Jeremiah 31:24 – Community Around a Common Confession

23 Thus says the Lord of hosts, the God of Israel: “They shall again use this speech in the land of Judah and in its cities, when I bring back their captivity: ‘The Lord bless you, O home of justice, and mountain of holiness!’ 24 And there shall dwell in Judah itself, and in all its cities together, farmers and those going out with flocks. Jeremiah 31:23-24, New King James Version

There have been times when my class came out of my mouth, and not necessarily when I showed my fondness for compound sentences and relished resplendent vocabulary. As I taught students in the poorest counties in three states, they would make assumptions at which I would bristle. Referring to the government benefits that were the lifeblood of many of these communities, they would ask, "You get a check, don't you?"

Teacher that I was, I would consider this a Teachable Moment, but really am sure what it conveyed was my pride that, as a man in a wheelchair, I was working. I was Producer rather than Recipient, Helper rather than Help. I doubled down on every effort to distinguish myself based on my station and acumen.

On the same theme in another chapter as a job counselor for people with disabilities, I would emphasize the same gulf. If they even thought about being content with benefits, I would admonish with certitude, "Just think about filling your mind with daytime TV. I've never known anybody to get better in idleness, but I've known a lot of people who got worse."

I summoned my sermon again while out of work, perhaps all the louder because I lacked the title to which I could retreat, a network of people to reinforce my value. Knowing how much of my life and sense of well-being I was consuming trying to thread the needle of what the shifting labor market could offer within the limitations of cerebral palsy and age, my brother asked candidly and calmly, "I'm sure there are benefits for which you could qualify. Why are you chasing work?"

I trumpeted work's value and burnished it with the biblical authority of theology, for at the time he was lost. Work, I said, was crucial to my testimony. It was how people could relate to the difference Christ made.

Actually receiving those benefits in a tougher economy and as age and inflexibility have increased the energy it takes to get through essential daily routines, and finding broader life purpose which they support, I now recognize how narrow my previous perspective was. I see something of a Jeremiah 31:24 dynamic. I sense how essential a common confession is and how it eradicates pretenses based around class and role.

God predicts in Jeremiah 31:23 the impact of His restoration of His people on their hearts and on the fullness of those hearts spilling out in their confessions to one another. Having been brought back to the land by means only God could manage and master, they convey God's blessing one to another. Having seen Him fulfill His promises, they will remind each other that the locale to which He brings them back is the home of justice and that each of them operate in the shadow of the mountain of holiness.

As God has been just to fulfill His Word to them, we should not be surprised that this realization transcends the barriers they might have made and maintained beforehand. Centering on their own strengths, the urbanites could condescend to the yeoman farmers, and the yeoman farmers could look with well-trained suspicion on the somewhat shiftless shepherds.

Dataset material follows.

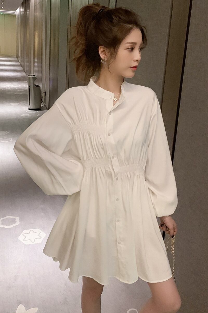 新作 シャツワンピース ブラウス チュニック 長袖 レディース 立ち襟

With each of them being recently brought back to these roles by the grace of God essential for any and every one, the word TOGETHER in Jeremiah 31:24 takes on a binding significance of more than location. "Grace knits together," connects Spurgeon in his sermon "Spiritual Resurrection" "the ties which sin has loosed."

His people will be, God predicts, a community centered on a confession. They each need Him. They are what they are by His grace. In the exile, they have experienced some portion of what their sins deserve, and by His reprieve they have been restored to blessings they have previously taken for granted.

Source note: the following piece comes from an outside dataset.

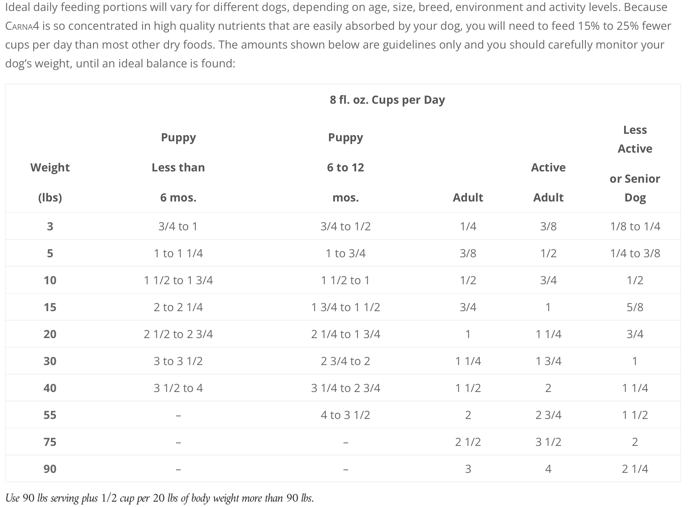For example, just two 8 fl.oz cups of Carna4's Chicken Recipe is 1000 calories. This is generally enough food for a 55-60 pound dog for an entire day. In comparison, two 8 fl.oz cups of Hill's Science Diet Adult Chicken and Barley Recipe is 726 calories and the guideline on the bag tells you to feed 3 and 2/3rds of a cup per day to a 60 pound dog. This means that when comparing feeding guidelines, you would be feeding 46% less of Carna4's Chicken Recipe compared to Hill's Science Diet Adult Chicken and Barley Recipe.

We, then, as Christians, are in the process of a similar realization, consumed by a similar confession. "We are so poor," inventories Brendan Manning in The Ragamuffin Gospel, "that even our poverty is not our own." God has been faithful and just, we say, to forgive us our sins and to cleanse us from all unrighteousness. That collective realization of brokenness among God's covenant people will have runoff results for the entire community.

"If a group of people in the city are truly living 'righteously,' describes God's Wisdom for Navigating Life by Tim Keller, "they will be such benefits to the public good of the whole city that the entire populace will exult, feeling that their prosperity is a victory for everyone."

The city-dwelling merchant, the farmer, the shepherd, and the pensioner, we all have what standing we have, and what role we have, by the ongoing grace of God. We have different angles from which to watch the fulfillment of His promises, but we are all equally dependent on His volition to fulfill those promises, to shine His mercy on us with every sunrise and to provide our clothing and daily bread. Our dependence, having mortally wounded our self-sufficient pride, is His glory.